Leslie was made an imperial chamberlain by Ferdinand II in 1634. His military rank was increased to a lieutenant field marshal and head of the bodyguard for the King of Hungary, and he was given command of two regiments. Just after his promotions, in the summer of 1634 he took part in the successful siege on Regensburg. In September 1634 he fought at the imperial victory at the Battle of Nordlingen. In the months leading up to the Peace of Prague, Leslie was in Rathenow in Brandenburg. Historian David Worthington claims that of all the assassins of Wallenstein, Leslie was rewarded the most and ultimately his career grew the most out of that event.

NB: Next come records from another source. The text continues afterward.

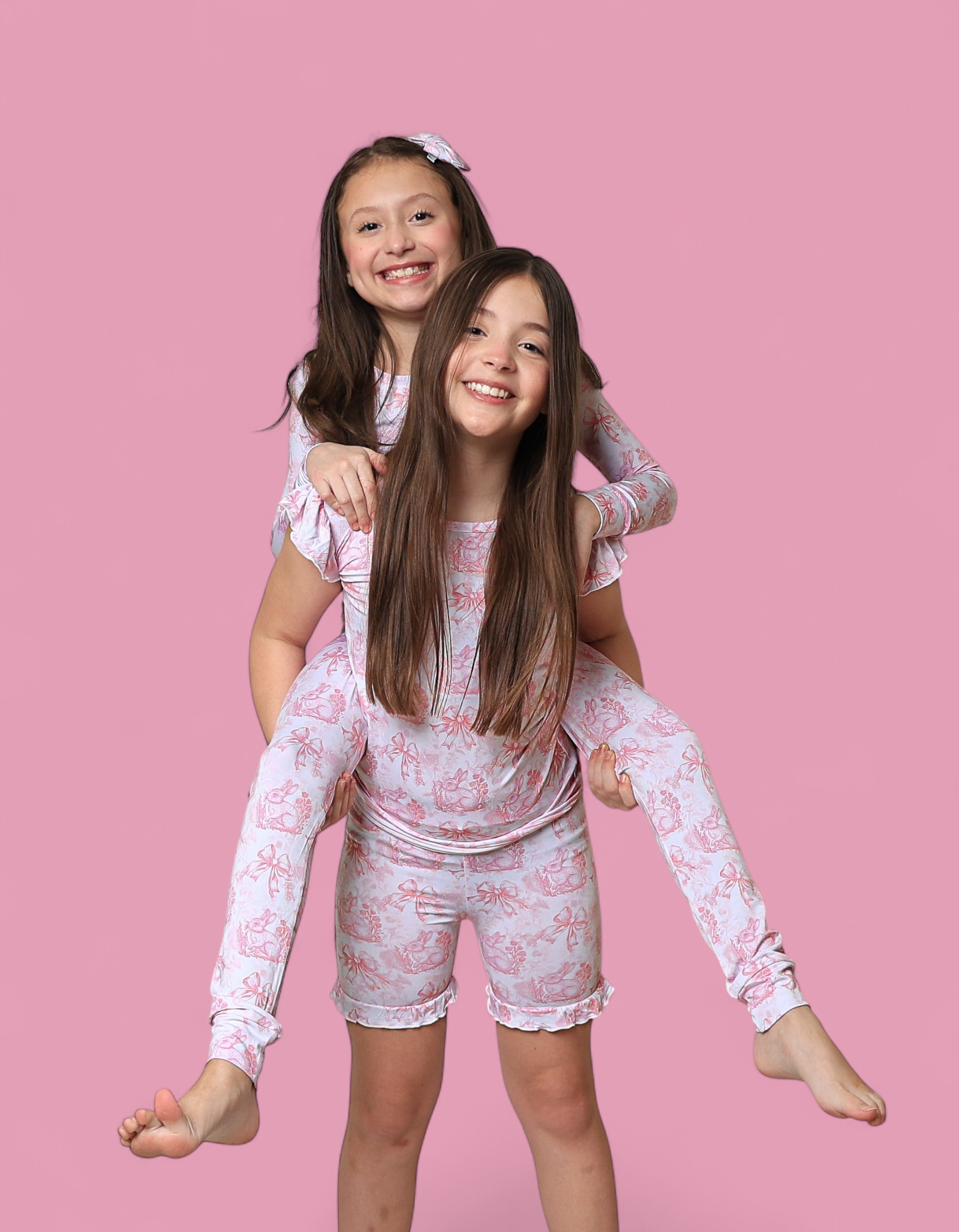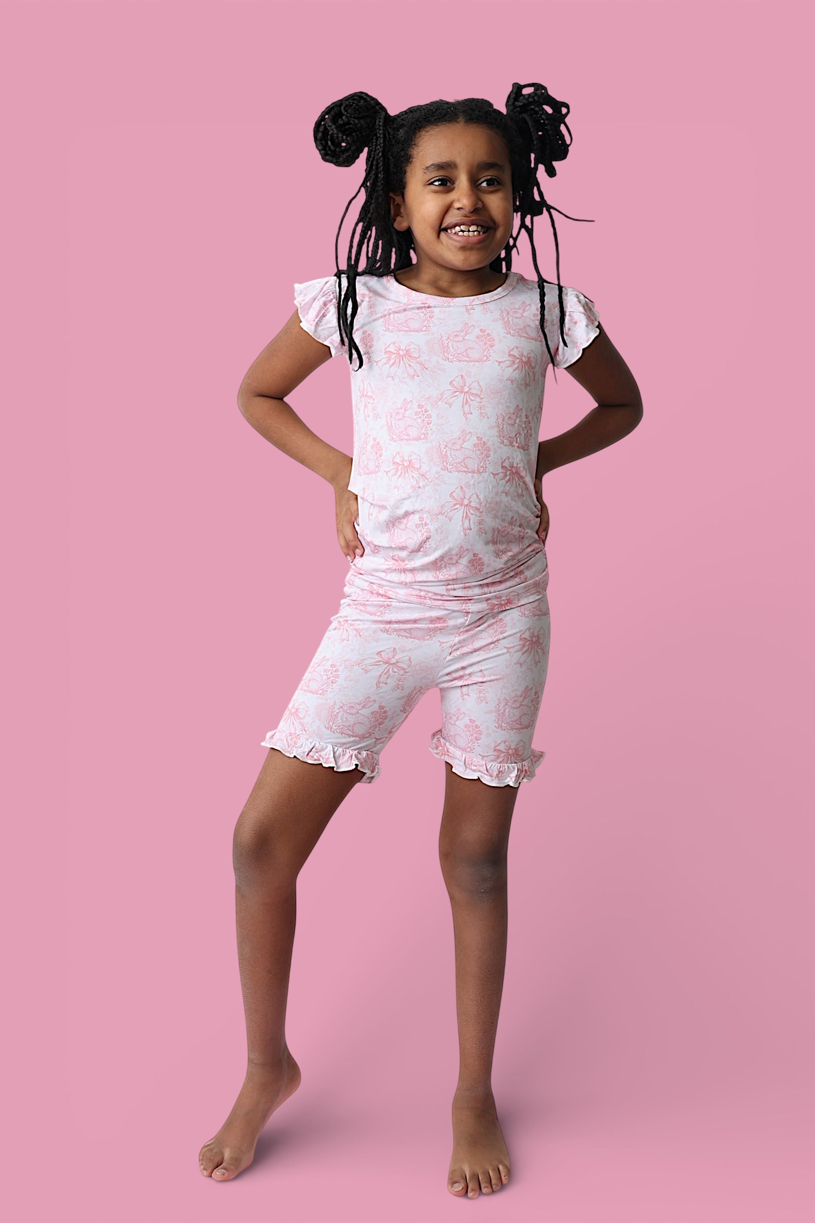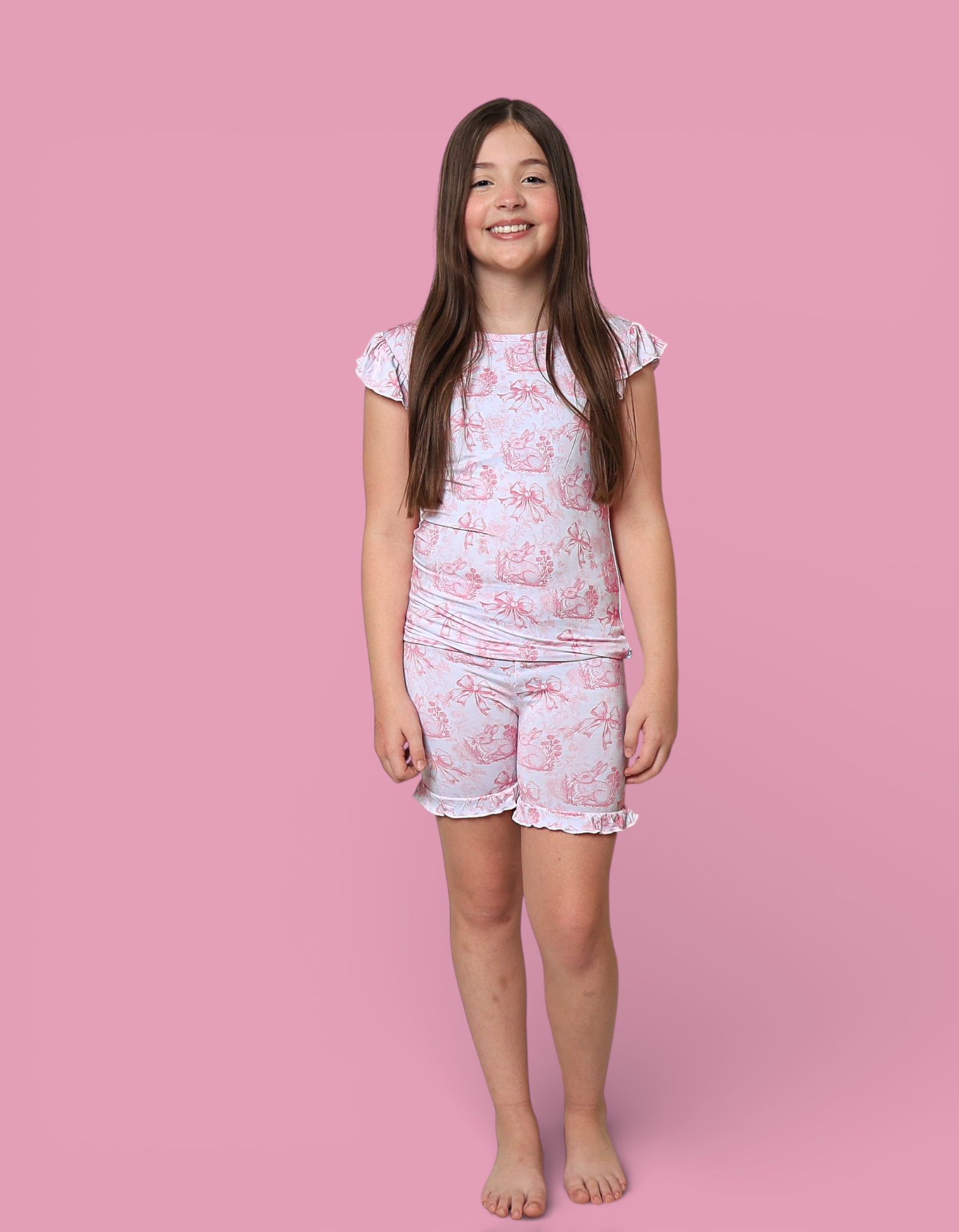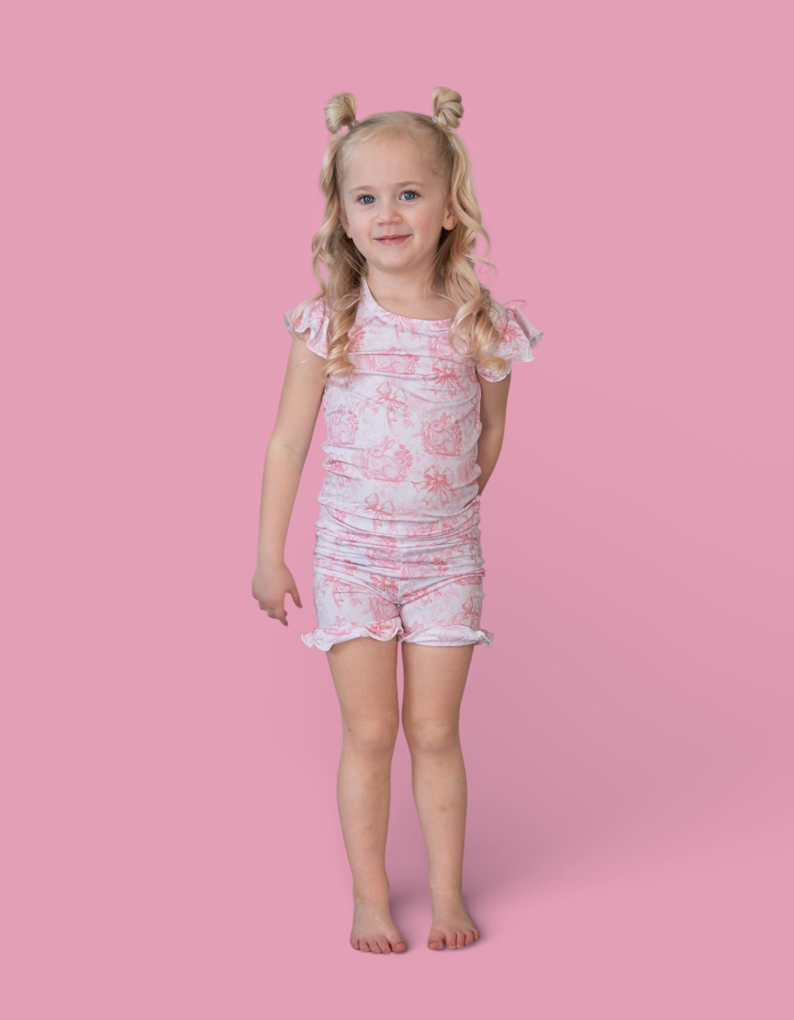 Pretty in pink and perfect for spring! Our Blush Bunny Toile Dream Ruffle Short Set features a delicate toile-style bunny and bow print in the sweetest blush tone — paired with flutter sleeves and ruffle hem shorts for an extra dose of charm. Ideal for Easter celebrations, spring adventures, and picture-perfect moments. 🌸✨
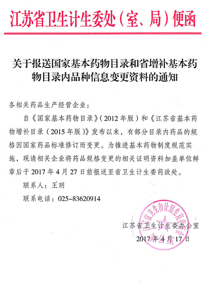 2017年江苏省卫计委转载关于报送国家基本药物目录和省增补基本药物目录内品种信息变更资料的通知
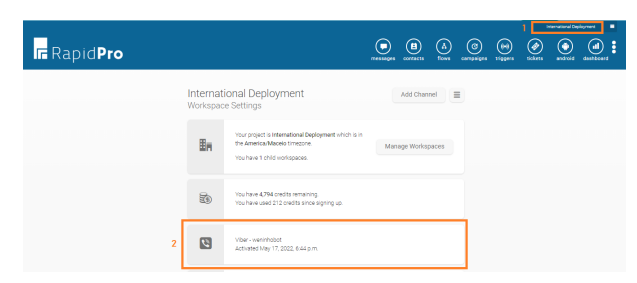 The Viber channel was created, but to have it published and available for all your public, some steps are required by the Viber support team. The first step required is to provide a Welcome message. To add one, go to your Workspace settings and open the Viber Channel settings.
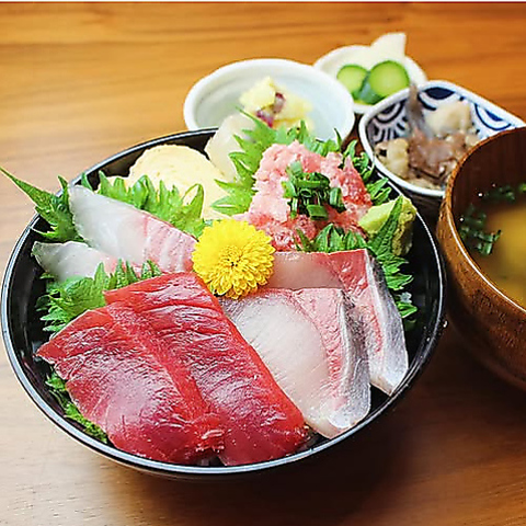 新鮮な魚を使ったランチの海鮮丼はボリュームミーで、味噌汁や小鉢が付いた満足度の高いセッです。

In September 1636, Leslie and the imperialists were defeated by the Swedes at the Battle of Wittstock. In 1637, Leslie wrote to the dying Ferdinand II, making his argument that he had Habsburg blood dating back over half of a century. After Ferdinand II's death, Ferdinand III approved the request and ennobled Leslie as an Imperial Count. This new title brought with it a new lifestyle, new political respect and more diplomatic opportunities. Leslie served as a Stuart-Habsburg intermediary at the Ratisbon Electoral meeting (1636–43), Imperial envoy to the Spanish Netherlands (1639), diplomatic trips to the Caroline Court in Spain, delegate in Regensburg (1640), and ambassador to Naples in 1645. In 1645, Leslie, then Imperial Ambassador to Naples, roamed the Italian Peninsula in an attempt to garner funds to fight the war. He is reported to have given Pope Innocent X a solid silver writing table. The trip yielded little money and few troops.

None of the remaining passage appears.